Speculated as being Jisoo a-Go-Go on Soi 15 – the former Shark before it relocated to the main Walking Street – the bar is described as fully staffed and offered as a turnkey operation, with the sale including the company structure.
Monthly rent is listed at 100,000 baht, with key money set at 2.5 million baht every three years. The current lease reportedly has about 2.5 years remaining.
Transfer costs are to be split 50–50 between buyer and seller, and the owners say no agents are involved.
Jisoo has been on the market since before Pattaya high season began, with owners even offering it back to the Shark group. Another Walking Street bar owner who inquired about buying it quoted a price of 10 million baht.
It’s now 6 million. Must not have been many takers at that price.
More Walking Dead
Soi 15 isn’t the only place to find the Walking Dead this Pattaya high season. In Walking Street’s southern end, deep into so-called “Indian Territory”, sit the shuttered Peppermint, a Pattaya institution that has been closed since April when the Korean boss stiffed the staff of their salaries and did a runner.
Dave Rave news reported in June then that a Filipino man had taken over the property and was renovating it, with the goal of reopening it as the Wolf Club this Pattaya high season.

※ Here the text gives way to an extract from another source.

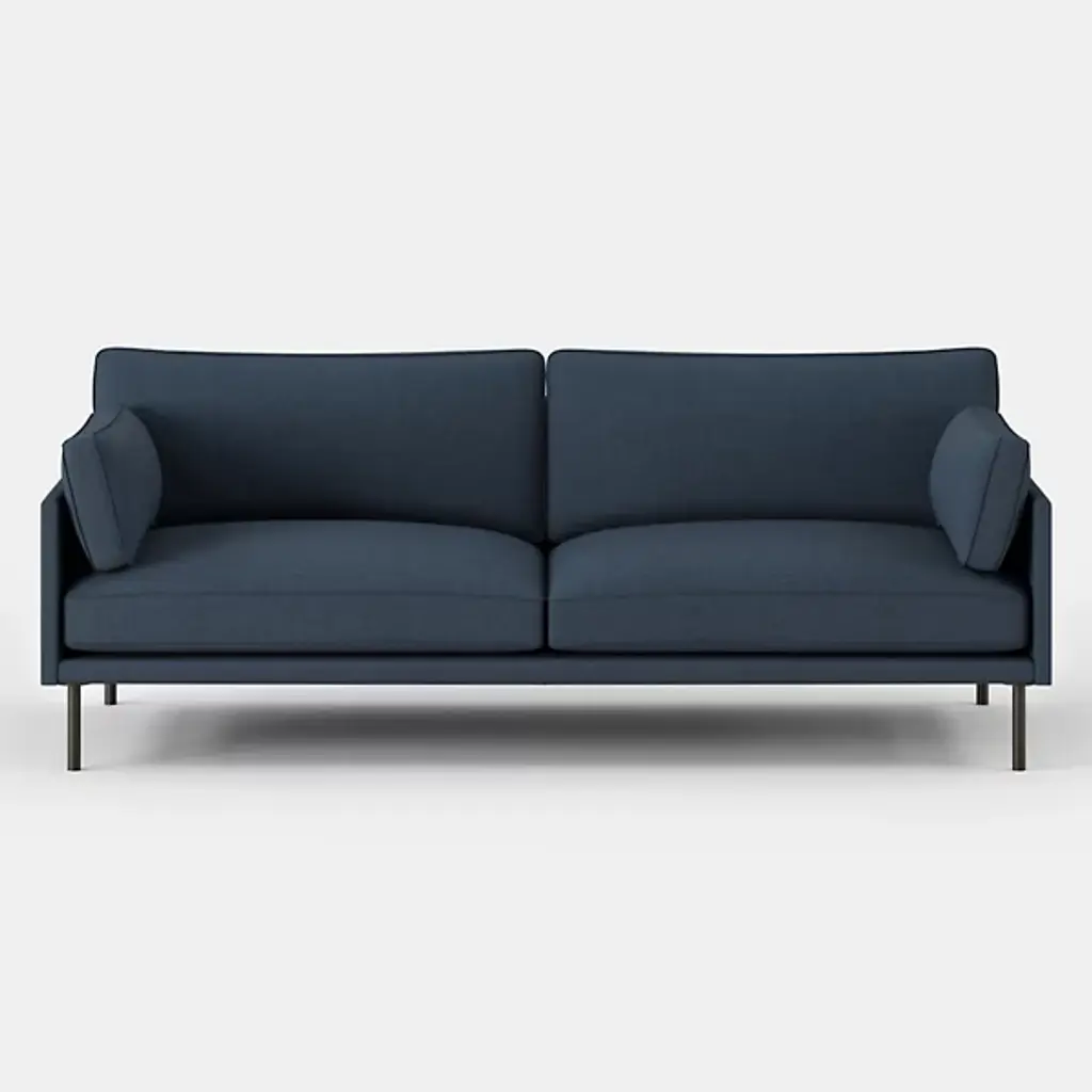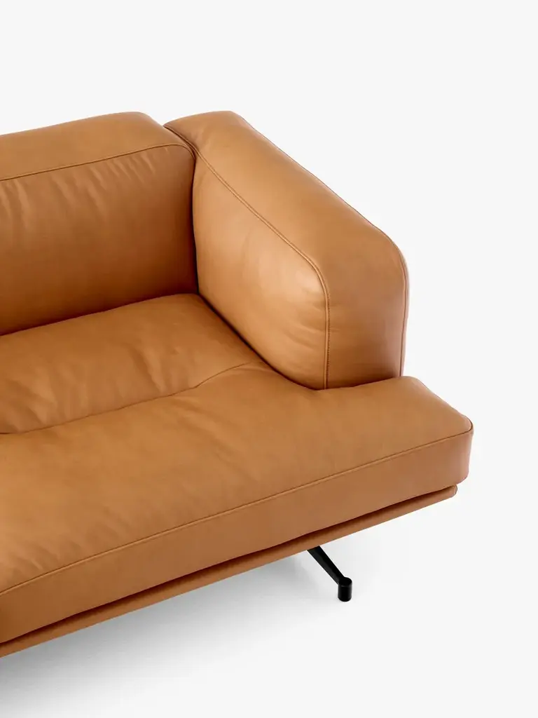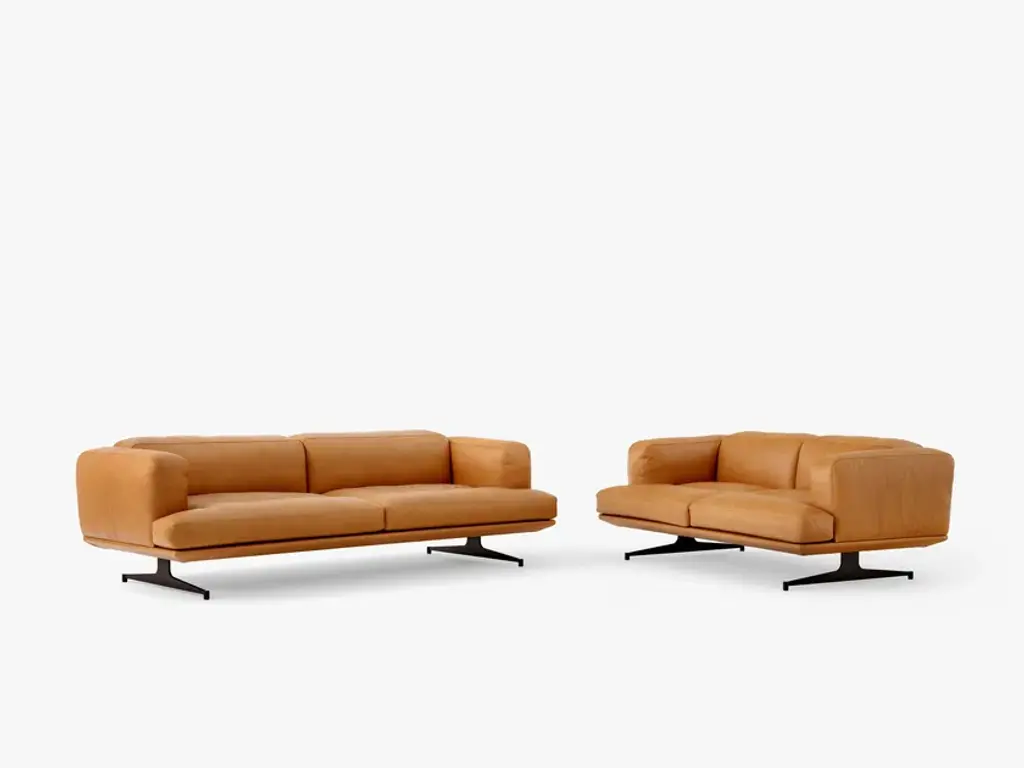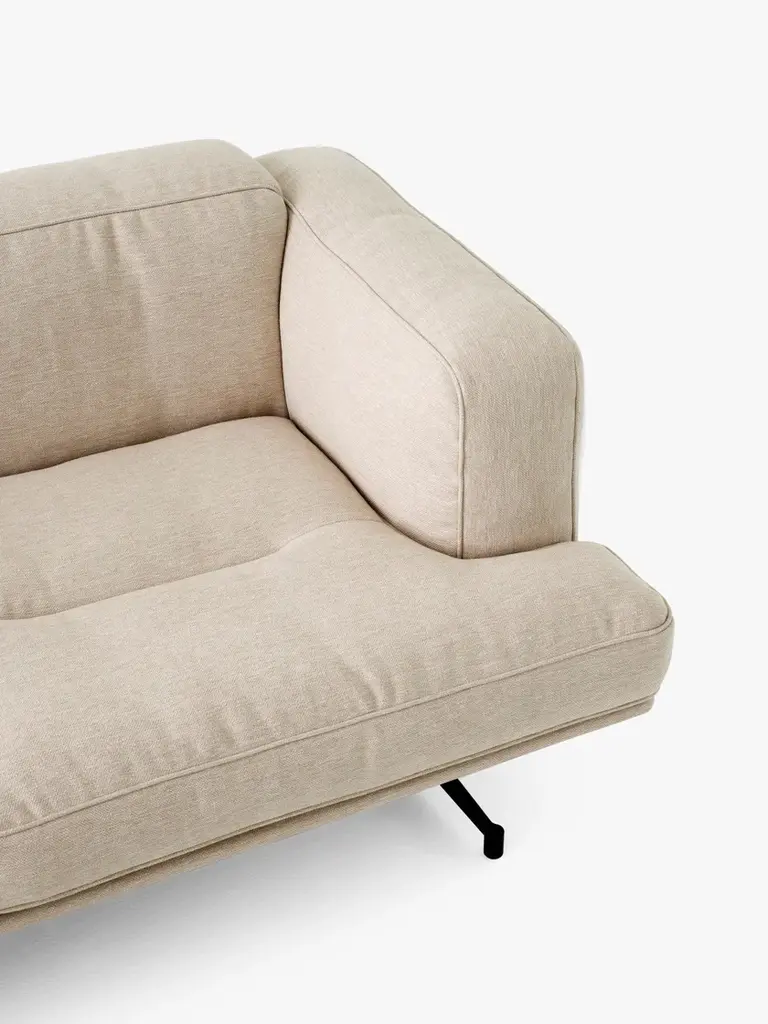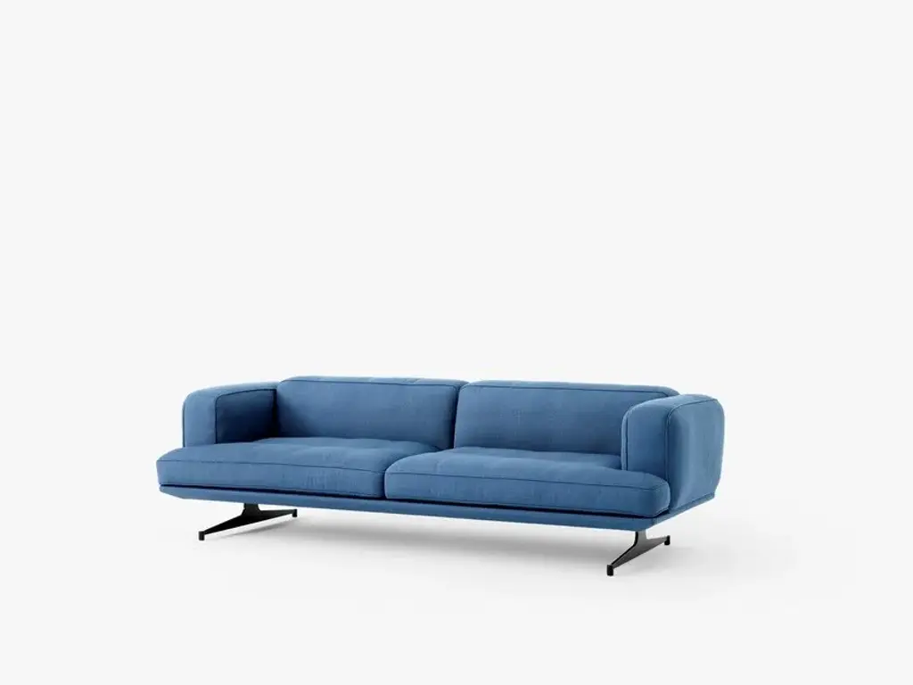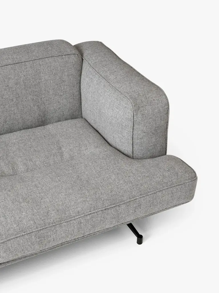 Torbjørn Anderssen and Espen Voll wanted to design a sofa that would provide the utmost comfort within a clearly defined architectural framework. With this vision in mind, they designed Inland, a low-form, deep sofa with high arms and a warm black steel-footed base that gives it the sense of floating.MaterialWood, steel base, HR foam, polyester wadding, fabric or leather upholsteryProduction ProcessThe frame is made from solid beech and plywood and subsequently covered in HR foam, duvets, and polyester wadding. The metal legs are milled and welded and afterwards powder-coated.UpholsteryAvailable in a variety of fabrics.ManufacturerProduced in Poland by Trioline

Pattaya high season full moons have come and gone, but there’s been no howling from the Peppermint site.
Interesting, while the Peppermint brand certainly is done, the building still may one day host a go-go bar again. Why? There’s no “for sale” or “for rent” sign on the building, leading many to believe the Filipino still owns the bar.
Let’s Hit the Beach
Finally, it’s time to hit the beach on Soi Cowboy this weekend. What? You say there’s no beachfront properly on the Neon Alley? Well, the next closest thing will be at Vicky’s Secret on Saturday for their latest party.
The Vicky’s Beach party starts at 9 p.m. on Jan. 17 with happy hour prices all night and free shots for all.
Grab your beach gear, bring your crew and make some waves.
Bad Guys Go to Pattaya
For years, the sign atop King Café (and later Folk) on Walking Street carried Pattaya’s most famous slogan: “Good guys go to heaven, bad guys go to Pattaya”.
Alas, like so many Pattaya landmarks of yore, the sign is no more. Folk, which took over from King Café, closed last year and this Pattaya high season has been replaced by the Pattaya Beach Club. There’s no marquee above seating anymore, only a boring LED panel. You’ll just have a settle for a t-shirt now.